III
After all, Poe is chiefly the dreamer and author of dream literature. The narrator of Berenice tells in detail how he was always dreaming. In Assignation the lover says, "To dream has been the business of my life. I have, therefore, framed for myself a bower of dreams." In Eleonora the narrator says those who dream by day obtain glimpses of eternity. Roger Usher was a dreamer. Poe's Eureka was dedicated to those who dream instead of those who think. He also wanted to transcend reality. He builded an ideal landscape in The Domain of Arnheim because he thinks art can surpass nature. He hated the ugliness of to-day and he tried in Some Words with a Mummy to revive a mummy to tell him of ancient Egypt and to give him the secret that enables one to suspend life temporarily and to be revived again centuries hence. He says in an early poem that all his days have been a dream. (A Dream Within a Dream.)
Poe was true to the psychology of the dreamer; he created things out of his fancies to be as he would like them to be because he did not have them in reality. He was poor and described mansions with wonderful furniture. He was sad because of deaths and lost loves and tried in some tales to conquer death. His The Raven is really an anxiety dream. Fear prompted it, the fear that he would never be with his lost Lenore, who probably was Mary. She then inspired this his most famous poem. His characters cannot help being dreamers, for their creator was one. He was so absorbed in his dreams that he never tried to take an interest in reality. Hence we find no moral note in Poe's work; there is one exception, William Wilson. He took no interest in philanthropy, reforms, transcendentalism or other movements of the day, and he disliked Emerson. One would never know from his work whether he lived at the time he did or in the eighteenth or twentieth century. One does not know from his work that there was a Mexican war or a slavery problem in his day.
The one moral tale Poe wrote, William Wilson, also has great value to the psychoanalyst. For it is a study of emotional conflicts and deals with the subject of dual personality and anticipates Stevenson's famous story, Dr. Jekyll and Mr. Hyde. Poe is William Wilson, and he even describes his school days in England in the tale. It is the history of Poe's own struggle with his unconscious, with evil. He too was a gambler and probably cheated at cards like William Wilson. There are two William Wilsons, one representative of the unprincipled, the criminal, the unconscious primitive instincts in ourselves, and the other William Wilson who is the voice of civilisation, the conscious moralist seeking to repress the other. Surely this great tale is symbolic of man's struggle with his own conscious which civilisation trying to tame.

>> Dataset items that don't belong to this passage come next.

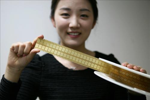 LG이노텍은 신용카드, 교통카드로 쓰이는 스마트카드에 부착돼 정보전달이나 통신기능을 담당하는 테이프타입 기판(COB) 개발에 성공해 이달 중순부터 양산을 시작한다고 6일 밝혔다. 사진은 LG이노텍 직원이 릴투릴 형식으로 생산된 스마트카드용 테이프 타입 기판을 펼쳐보고 있다.
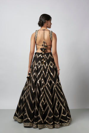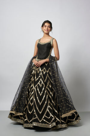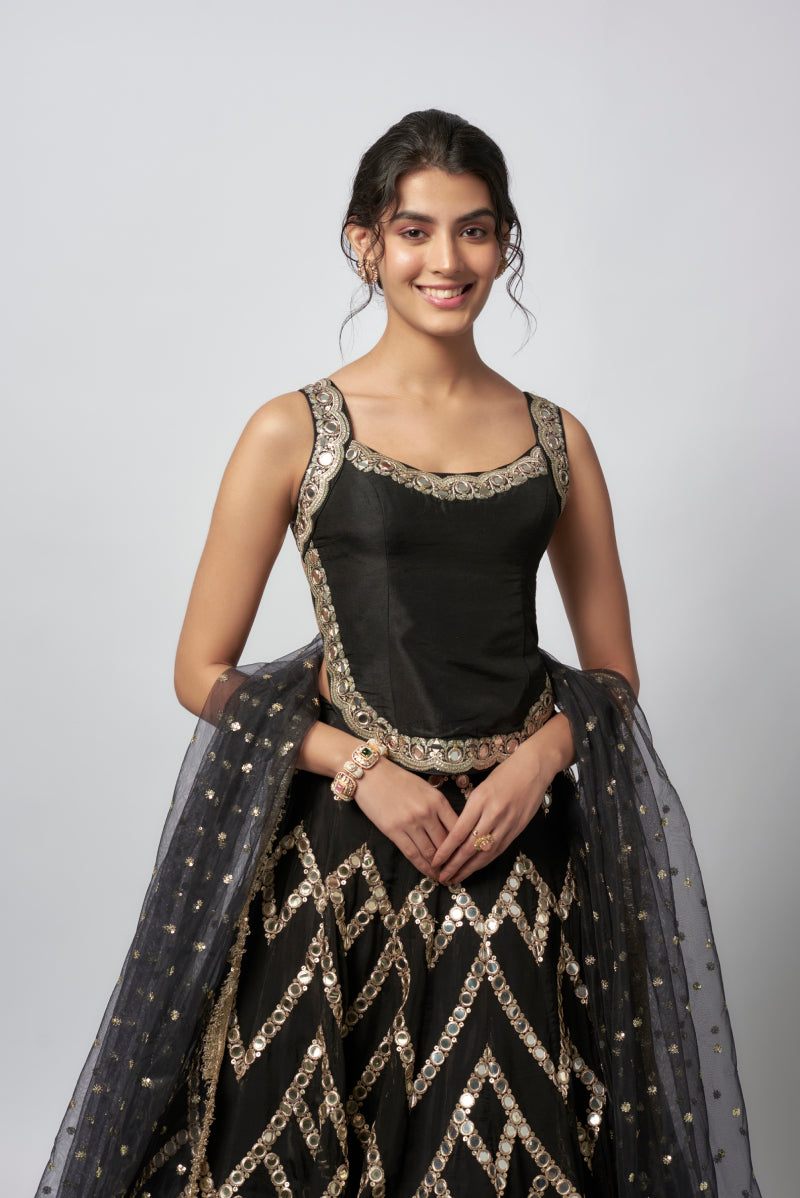 Featuring blouse with intricate gold embroidery along the neckline and straps. Paired with it is a voluminous lehenga adorned with mirror work and gold geometric patterns, creating a striking visual impact. The look is completed with a net dupatta, subtly embellished with gold accents for a graceful touch.
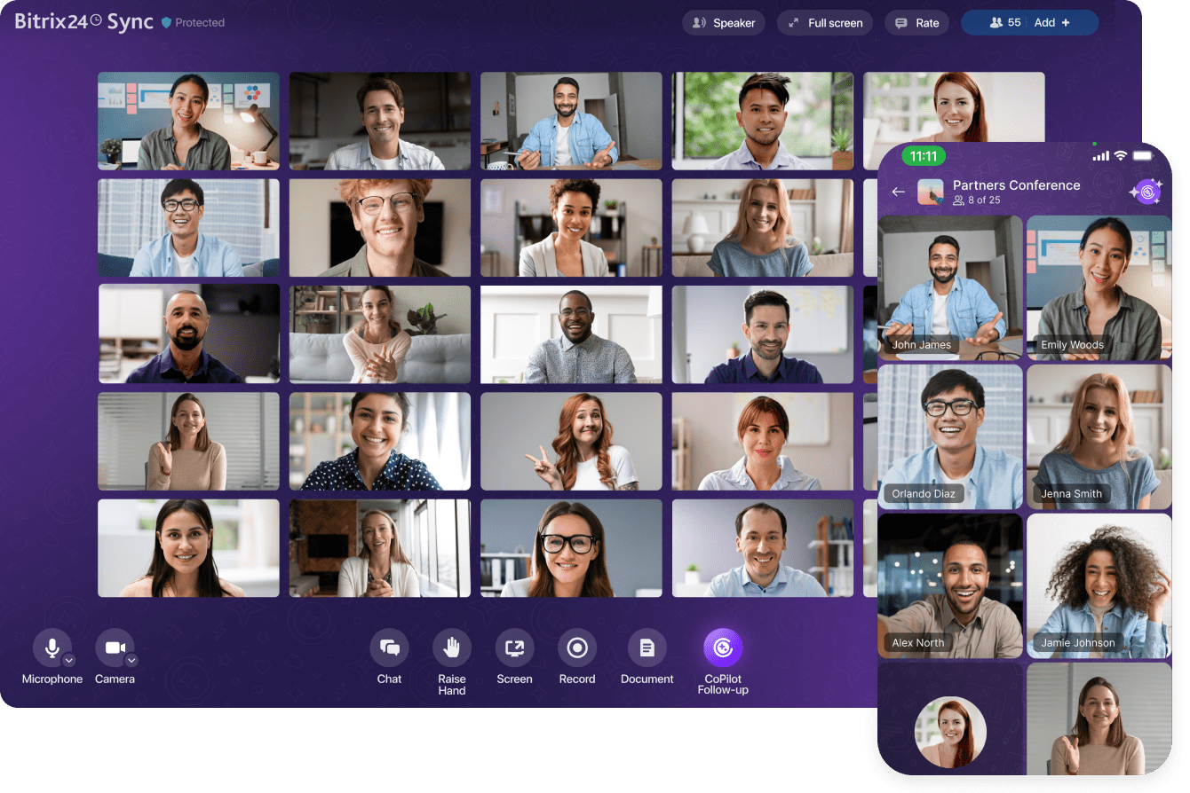 Le riunioni online nel nostro software di comunicazione hanno tutto ciò che ti aspetteresti da un software di videoconferenza di alto livello e sono già integrate con chat, incarichi, progetti, calendario, CRM e altri strumenti.
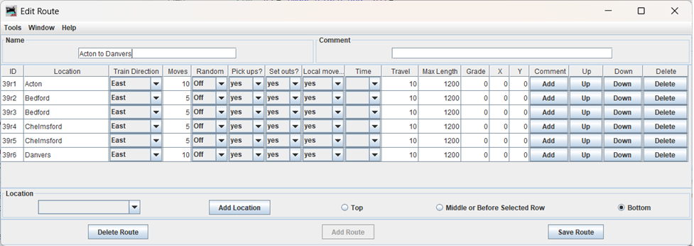 If you keep building your first train and moving it, eventually all of your cars will end up at the last location in your route! Create another route that is the inverse of your first train. Go to the Routes window and under the "Tools" menu select Copy Route. Select your original route, check the "Invert" checkbox, enter a name for this route, and then the "Copy" button. Now create a second train that uses this route to move cars in the opposite direction of your first train.
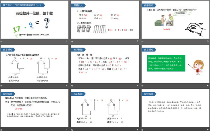 关键词:人教版一年级下册数学PPT课件免费下载,两位数减一位数整十数PPT下载,100以内的加法和减法PPT下载,.PPT格式;

So we leave Poe. Others may take up the question of his alleged drunkenness and its overestimated effect on his art. But I have merely wished to point a few things in his work made clear with the help of psychoanalysis. Psychoanalysis has given the answer to those who object to Poe because of his lack of moral tone.
It should be added that Poe's great attachment to his mother-in-law, Mrs. Clemm, was due to the loss of his own mother in infancy.
Poe's devotion and love for women of his later life, Mrs. Osgood, Mrs. Richmond, Mrs. Lewis, and especially Helen Whitman, did not influence his work considerably in spite of the sufferings they caused him, but produced a few good single poems to some of them, notably, To Annie, Mrs. Richmond, and To Helen, Mrs. Whitman, and the pathetic, masterly letters to these women.